Dans un autre chapitre intitulé “Le Sacre d’Egypte” (Vultur percnopterus selon Linné et Percnoptère d’Egypte selon Cuvier), Buffon rapporte que ce nom lui a été donné par un certain Belon*, mais que le docteur Shaw le désigne sous l’appellation achbobba. “Cet oiseau se voit par troupes dans les terres stériles et sablonneuses qui avoisinent les pyramides d’Egypte ; il se tient presque toujours à terre, et se repaît comme les vautours de toute viande et de chair corrompue.” “Il est (dit Belon) oiseau sordide et non gentil, et quiconque feindra voir un oiseau, ayant la corpulence d’un milan, le bec entre le corbeau et l’oiseau de proie, crochu par le fin bout, et les jambes et pieds nus, et marcher comme le corbeau, aura l’idée de cet oiseau, qui est fréquent en Egypte, mais rare ailleurs, quoiqu’il y en ait quelques uns en Syrie, et que j’en aie (ajoute-t-il) vu quelques uns dans la Caramanie (Emirat de Karaman qui, dans sa plus grande extension, comprenait le territoire des provinces turques d’Anatolie).” Au reste, cet oiseau rare varie pour les couleurs ; c’est, à ce qu’en croit Belon, l’hierax ou accipiter AEgyptius d’Hérodote, qui, comme l’ibis, était en vénération chez les anciens Egyptiens, parce que tous deux tuent et mangent les serpents et autres bêtes immondes qui infectent l’Egypte.” – Il semble sur ce dernier point qu’il y ait confusion d’une part avec le Circaète Jean-le-Blanc qui se nourrit de reptiles, et d’autre part avec l’épervier, le faucon lanier ou le faucon pèlerin qui appartient au Panthéon égyptien sous la forme de Horus, porteur des pouvoirs du soleil.
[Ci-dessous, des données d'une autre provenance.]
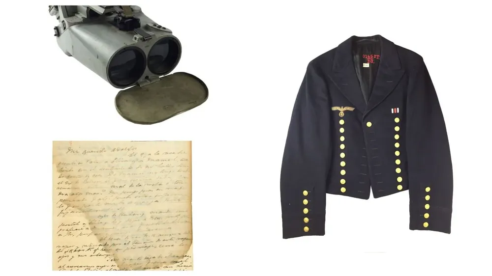 Además, se subastarán unos "prismáticos" del barco alemán que un tripulante se llevó de la nave. El capitán Langsdorff les dijo que se llevaran lo que pudieran. Muchos tripulantes, como en este caso, lo vendieron al llegar a tierra a uruguayos, dijo el director de Zorrilla Subastas.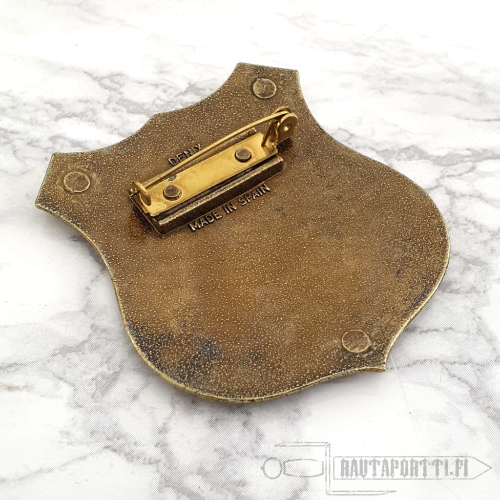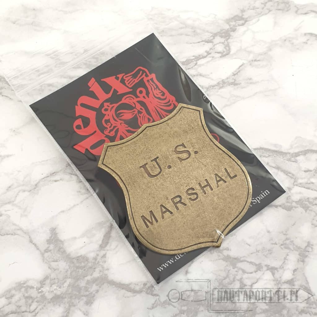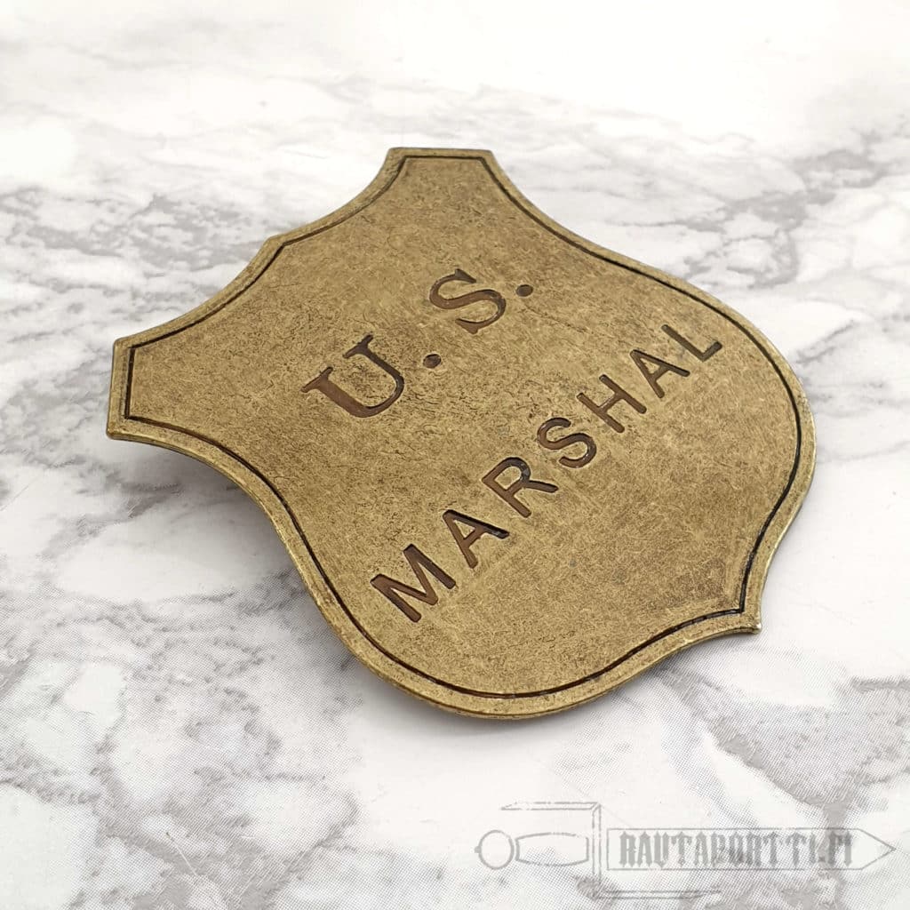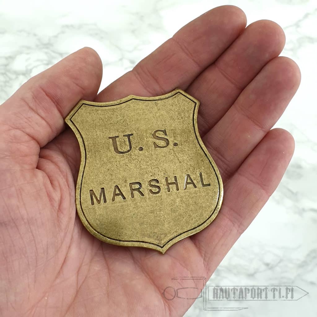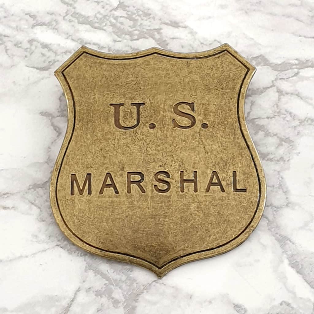 Reproduction of a US Marshal badge made of metal, with a needle for attachment.

Hierax, en grec, désignait les rapaces plus petits que les aigles, comme les faucons ou les éperviers, terme traduit par Accipiter AEgyptius par Lauret Valle, traducteur d’Hérodote, mentionné par Belon. Le genre Accipiter comprend aujourd’hui des autours et des éperviers. Ce deuxième article ne concerne donc toujours pas le Percnoptère actuel. – Illustration extraite du livre de Belon : Hierax, Accipiter AEgyptius, Sacre d’Egypte – Livre de Buffon : Histoire naturelle générale et particulière –

(*) Pierre Belon du Mans, “L’histoire de la nature des oyseaux, avec leurs descriptions & naïfs portraits retirez du naturel” (1555)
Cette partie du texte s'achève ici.